Sports staff are at the cutting edge of the sports sector, with leading thinkers in areas such as psychology, health and exercise, coaching, management, sports policy, finance and culture and society. With their support, students develop skills of scientific enquiry and critical evaluation, essential in the modern workplace.
We aim to deliver excellence in teaching and learning through a research-led approach that focuses on the sports studies knowledge streams of Management, Humanities and Physical Activity and Health. Staff concentrate on combining innovative and effective teaching embedded within research excellence and provide one of the best student experiences in the UK. In order to do this, we work with all aspects of the industry to ensure that what we teach our students is relevant and appropriate for employment within the sector. Our commitment to this leads staff to actively seek positions with key sports organisations to ensure that what is taught reflects contemporary issues affecting the sports industry today. Examples of this include Stephen Morrow’s work with football managers, John Mather’s support of referees for the SRU and Justine Allan’s coaching of the Scotland Women’s U18 hockey team.

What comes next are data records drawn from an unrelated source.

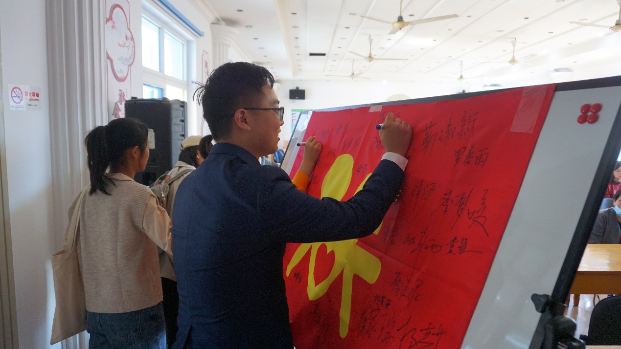 13:00左右,志愿者们从学校乘坐大巴到达活动场地,在小干事的引导下依次在“哥姐”计划的旗帜上签名。在等待正式开始的时间里,主持人邀请了几位志愿者以及到场的小朋友代表进行了自我介绍,现场的气氛很快变得轻松愉快起来。
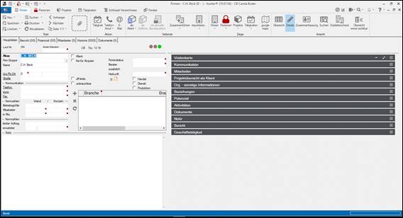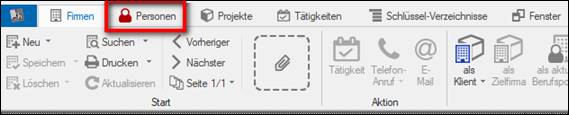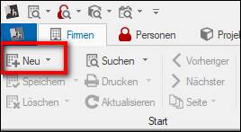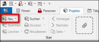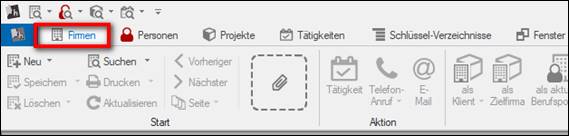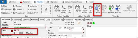 Verknüpfung zur Firmenmaske = Klient: > im Hintergrund ist die Firmenmaske des Klienten geöffnet > auf der Ribbonbar / Menue „als Klient“ > das Projekt ist mit der Klienten-Firma verknüpft
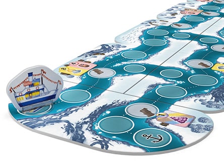 Модульное игровое полеОдеваемся теплее и отправляемся в путь! В игре используется модульное поле, состоящее из двенадцати тайлов реки и показывающее маршрут круизного лайнера. Он начинает свой путь с запада, двигаясь по белой пунктирной линии на восток, где затем поворачивает и идёт обратно на запад. Игра заканчивается, когда корабль пришвартуется на ячейке с символом якоря. Каждый раунд состоит из трёх фаз:

Careers in the sports sector account for around three percent of all jobs in Scotland according to a recent study by Cambridge Econometrics. This is set to increase even further with major sporting events, including the Glasgow 2014 Commonwealth Games and the Ryder Cup 2014 providing a number of exciting opportunities for well-qualified students.
Our graduates are prepared for a wide variety of roles and many have gone on to work as sports coaches, teachers, consultants, managers and administrators.
Employers who have benefitted from Stirling graduate expertise include local authorities, commercial and voluntary sports organisations and governing bodies of sport.
Chris Sellar graduated with a BA (Hons) in Sports Studies. After graduating Chris was offered an internship at Scottish Universities Sport (SSS) working in Volunteer Development, which then led to part-time and full-time roles as Sports Administrator at SSS. Chris then moved on to become South-West Community Sports Hub Coordinator based at Heriot-Watt University. These roles have given Chris valuable experience in sports development, project management, marketing and communications, sports administration and coordination and event management. Chris is of the opinion that the volunteering he did with the University football club and the Sports Union while studying at University, have been pivotal in getting a role within HE sport.
James Saker graduated from Stirling with a First Class BA with Honours in Business Studies and Sports Studies. His dissertation was on the use of social media and football clubs and building on this interest he left university to work as the Digital Media Manager for Commonwealth Games Scotland. During the period of the Glasgow Commonwealth Games, as a consequence of the initiatives that James introduced, Team Scotland was the most followed Commonwealth Games team on social media. Following this James left to work for Synergy Sponsorship where he is responsible for managing the accounts of RBS Six Nations, Canterbury and Royal Salute.